> Exercise details
Although the listing below holds pictures, reproduce only its lines from the one containing "CAMISOLA DE MALHA" through the last, exactly and without them.

> Given material
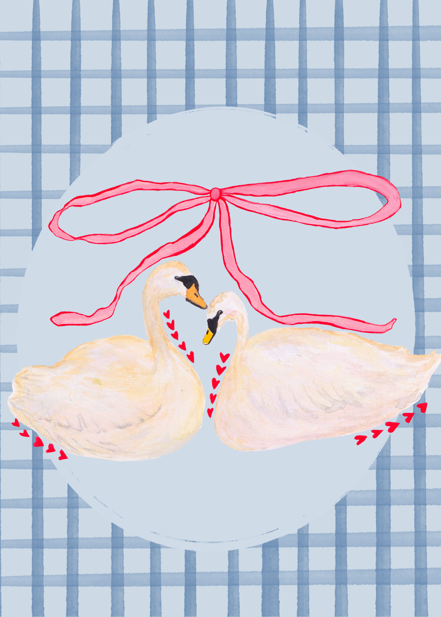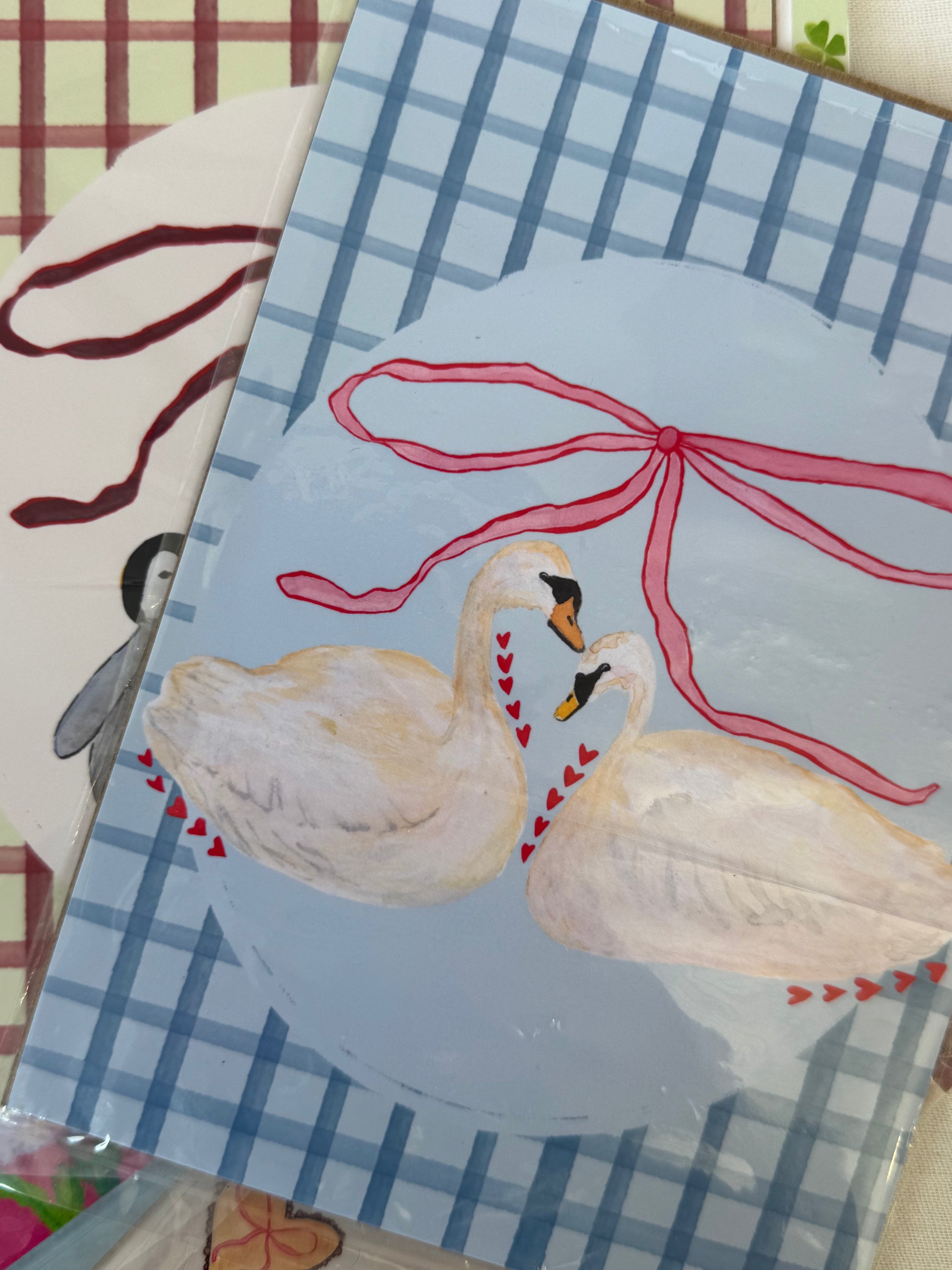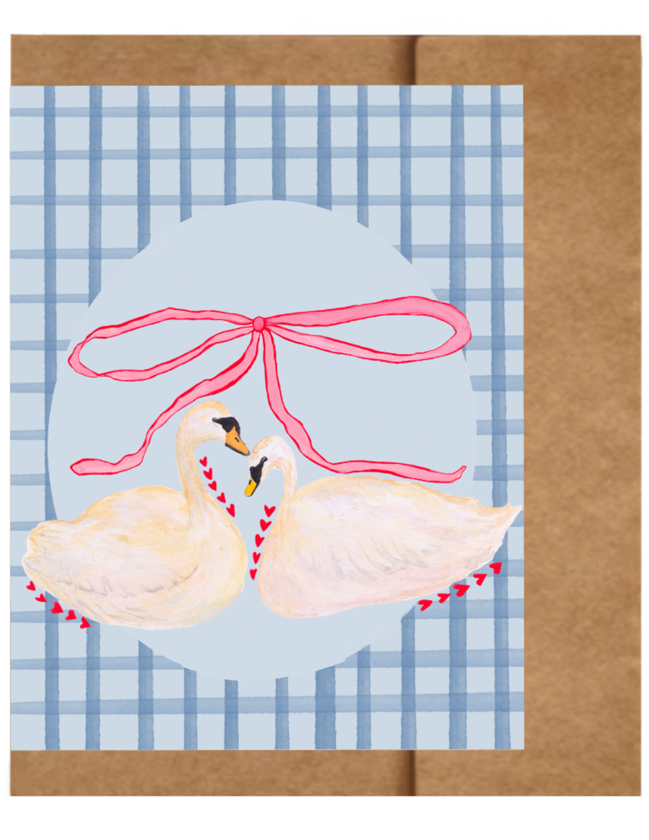 Celebrate your Valentine with this whimsical, swan design. Featuring two swans in love, this card was originally painted by hand and carefully digitized for a beautiful, high-quality print.
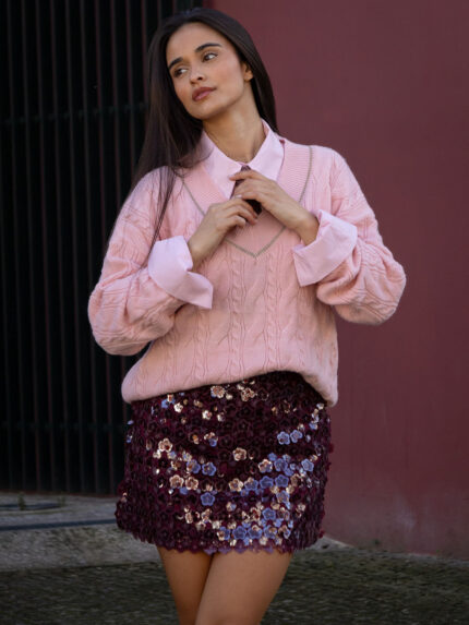 CAMISOLA DE MALHA ROSA COM DECOTE EM V E DETALHE BRILHANTE PONTO CHIC
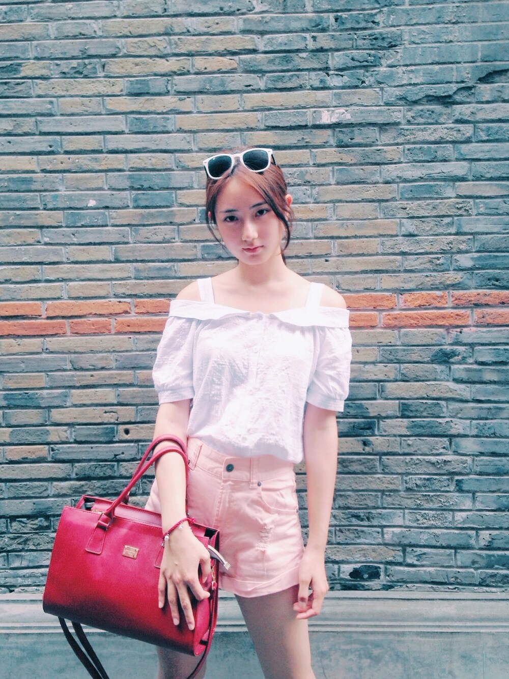 Top: from night market in china蘭州 High waist pants: from H&M last year. Handbag: from Korea In shanghai xitiandi

> Output of the task
 CAMISOLA DE MALHA ROSA COM DECOTE EM V E DETALHE BRILHANTE PONTO CHIC
 Top: from night market in china蘭州 High waist pants: from H&M last year. Handbag: from Korea In shanghai xitiandi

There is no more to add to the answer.